Am I Fat?

No, you do not have to answer that question. Nor do I want some of you to.

I can be an emotional eater.  I am also considered overweight, no, morbidly obese for my height and weight. Though you wouldn’t know it by looking at me.  But I eat mostly healthy (I have a sweet tooth but I bake my sweets myself) and do my best to exercise.  And there are too many times when I don’t like my body.

But I’ve read too many articles about health, see too many articles, blog entries, etc. lately.  And too many are based on one rule: you must hate your body.  And that rule has been around a long time.  And it’s entirely geared towards women.

Women are born into a world where they are judged on appearance and looks from birth.  Girls learn from a very young age how to dress to please others.  They are also taught that they do not have real bodies or that they inhabit these bodies. They are taught that they are objects to be judged.  Girls are told what to wear or not to wear, how to behave like a proper girl, how to be submissive, how not to express their emotions, how to be nice all the time, how to be an object, what they can and cannot eat, and how they must constantly judge themselves against other women and how are they are always failing.  Girls are forced to cut themselves off from who they really are from a young age. And it’s their mothers leading the charge against them, inflicting the same abuse and suffering on their daughters that was inflicted on them and that society and advertising keep inflicting on the female half of the human race.

Girls are cut off from their bodies.  Then they may have to deal with the added burden of being told that they must dress a certain way or they are leading men into sin.  So purity culture rears its ugly head. But popular culture says a woman is only a body but only if she is a Victoria’s Secret model but really only a sex object. Or not a body or person at all if she is not model perfect ot society approved.

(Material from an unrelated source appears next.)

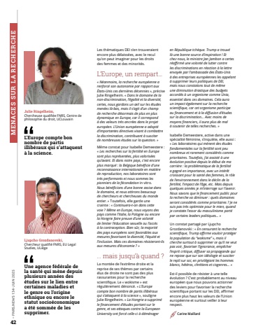 42%u2013 FNRS.NEWS 134-JUIN 2025Les th%u00e9matiques DEI s%u2019en trouveraient encore plus d%u00e9laiss%u00e9es, avec le recul qu%u2019on peut imaginer pour les%u00a0droits des%u00a0femmes et des minorit%u00e9s.L%u2019Europe, un rempart%u2026%u00ab%u00a0N%u00e9anmoins, la recherche europ%u00e9enne a renforc%u00e9 son autonomie par rapport aux %u00c9tats-Unis ces derni%u00e8res d%u00e9cennies%u00a0%u00bb, pr%u00e9cise Julie Ringelheim. %u00ab%u00a0Dans le domaine de la non-discrimination, l%u2019%u00e9galit%u00e9 et la diversit%u00e9, certes, nous gardons un %u0153il sur les %u00e9tudes men%u00e9es l%u00e0-bas, mais il s%u2019agit d%u2019un champ de recherche d%u00e9sormais de plus en plus dynamique en Europe, car il correspond %u00e0 des valeurs tr%u00e8s ancr%u00e9es dans le projet europ%u00e9en. L%u2019Union europ%u00e9enne a adopt%u00e9 d%u2019importantes directives visant %u00e0 combattre la discrimination, contribuant %u00e0 susciter de%u00a0nombreuses %u00e9tudes sur la question.%u00a0%u00bbM%u00eame constat pour Isabelle Demeestere%u00a0: %u00ab%u00a0Les recherches sur la fertilit%u00e9 en Europe sont plus repr%u00e9sent%u00e9es, plus valoris%u00e9es qu%u2019avant. Et dans notre pays, c%u2019est encore plus marqu%u00e9%u00a0: la Belgique b%u00e9n%u00e9ficie d%u2019une reconnaissance internationale en mati%u00e8re de reproduction, nos laboratoires sont tr%u00e8s%u00a0performants et nous sommes les pionniers de la f%u00e9condation in vitro. Nous b%u00e9n%u00e9ficions d%u2019une bonne assise dans le domaine, et nous attirons beaucoup de chercheurs et chercheuses du monde entier.%u00a0%u00bb Toutefois, elle garde une crainte%u00a0: %u00ab%u00a0Continuera-t-on dans cette voie ? M%u00eame%u00a0en Europe, nous voyons des pays comme l%u2019Italie, la Pologne ou encore la Hongrie faire preuve d%u2019une volont%u00e9 de%u00a0limiter l%u2019%u00e9ducation sexuelle ou l%u2019acc%u00e8s %u00e0 la%u00a0contraception. Bien s%u00fbr, la majorit%u00e9 des pays europ%u00e9ens sont favorables aux mesures favorisant la diversit%u00e9, l%u2019%u00e9quit%u00e9 et l%u2019inclusion. Mais%u00a0ces%u00a0domaines r%u00e9sisteront-ils aux mesures d%u2019%u00e9conomie ?%u00a0%u00bb... mais jusqu%u2019%u00e0 quand%u00a0?La mont%u00e9e de l%u2019extr%u00eame droite et la reprise de ses th%u00e8mes par certains %u00e9lus de droite ne sont pas des plus rassurantes pour la recherche scientifique. Le %u00ab%u00a0wokisme%u00a0%u00bb est r%u00e9guli%u00e8rement d%u00e9nonc%u00e9. %u00ab%u00a0L%u2019Europe compte bon nombre de partis illib%u00e9raux qui s%u2019attaquent %u00e0 la science%u00a0%u00bb, souligne Julie Ringelheim. %u00ab%u00a0La Hongrie a supprim%u00e9 le financement d%u2019%u00e9tudes portant sur le genre, et ses attaques contre la European University ont forc%u00e9 celle-ci %u00e0 d%u00e9m%u00e9nager en%u00a0R%u00e9publique tch%u00e8que. Trump a trouv%u00e9 l%u00e0 une bonne source d%u2019inspiration%u00a0! Et chez nous, le ministre Jan Jambon a certes r%u00e9affirm%u00e9 une volont%u00e9 de lutter contre les discriminations en r%u00e9action %u00e0 la lettre envoy%u00e9e par l%u2019ambassade des %u00c9tats-Unis %u00e0 des entreprises europ%u00e9ennes les appelant %u00e0 supprimer leurs politiques de%u00a0DEI, mais nous constatons tout de m%u00eame une diminution drastique des budgets accord%u00e9s %u00e0 un organisme comme Unia, essentiel dans ces domaines. Cela aura un impact %u00e9galement sur la recherche scientifique, car%u00a0cet organisme participe au%u00a0financement et %u00e0%u00a0la diffusion d%u2019%u00e9tudes sur%u00a0la discrimination%u2026 Avec moins de moyens financiers, il aura plus de mal %u00e0 soutenir de%u00a0telles recherches.%u00a0%u00bbIsabelle Demeestere, active dans une sp%u00e9cialit%u00e9 f%u00e9minine, s%u2019inqui%u00e8te, elle aussi%u00a0: %u00ab%u00a0Les laboratoires qui m%u00e8nent des %u00e9tudes fondamentales sur la fertilit%u00e9 sont peu nombreux et rarement consid%u00e9r%u00e9s comme prioritaires. Toutefois, j%u2019ai assist%u00e9 %u00e0 une %u00e9volution positive depuis le d%u00e9but de ma carri%u00e8re%u00a0: la probl%u00e9matique de la fertilit%u00e9 a gagn%u00e9 en importance, avec un int%u00e9r%u00eat croissant pour la sant%u00e9 des femmes, le r%u00f4le de l%u2019environnement dans le d%u00e9clin de la fertilit%u00e9, l%u2019impact de l%u2019%u00e2ge, etc. Mais depuis quelques ann%u00e9es je m%u2019interroge sur l%u2019avenir. Nous savons que le financement public pour la recherche va diminuer%u00a0: quels domaines seront consid%u00e9r%u00e9s comme prioritaires ? Je ne suis pas tr%u00e8s optimiste pour le mien, quand je constate l%u2019essor du masculinisme port%u00e9 par certains leaders politiques%u2026%u00a0%u00bbUn constat partag%u00e9 par Ljupcho Grozdanovski%u00a0: %u00ab%u00a0En censurant la recherche scientifique, Trump affirme vouloir prot%u00e9ger la population du %u201cwokisme%u201d%u00a0%u00bb, mais il cherche surtout %u00e0 supprimer ce qu%u2019il ne veut pas voir, favoriser l%u2019ignorance, emp%u00eacher l%u2019esprit critique, diffuser sa propagande qui ne repose que sur son id%u00e9ologie et susciter le repli sur soi, en privil%u00e9giant les hommes blancs, h%u00e9t%u00e9ros, chr%u00e9tiens et cisgenres%u2026%u00a0%u00bbEst-il possible de r%u00e9sister %u00e0 une telle %u00e9volution ? C%u2019est probablement au niveau europ%u00e9en que nous pouvons actionner des leviers pour favoriser la recherche scientifique portant sur les DEI, affirmer encore plus haut les valeurs de l%u2019Union europ%u00e9enne et surtout veiller %u00e0 leur respect. Carine MaillardJulie Ringelheim,Chercheuse qualifi%u00e9e FNRS, Centre de philosophie du droit, UCLouvainL%u2019Europe compte bon nombre de partis illib%u00e9raux qui s%u2019attaquent %u00e0 la science.Ljupcho Grozdanovski, Chercheur qualifi%u00e9 FNRS, EU Legal Studies, ULi%u00e8geUne agence f%u00e9d%u00e9rale de la sant%u00e9 qui m%u00e8ne depuis plusieurs ann%u00e9es des %u00e9tudes sur le lien entre cert

For me, I grew up always hearing how I was fat.  Constantly, by my mother who couldn’t face her own body issues so focused on mine.  Now, I was never a skinny child but nor was I truly fat.  I have always had a little extra weight but it didn’t bother me too much.  And when my mother meant fat she meant xxx-large when I was a medium.  So many years I had clothes that were too big and almost always second-hand while my sisters got new clothes more often. And I’m the oldest.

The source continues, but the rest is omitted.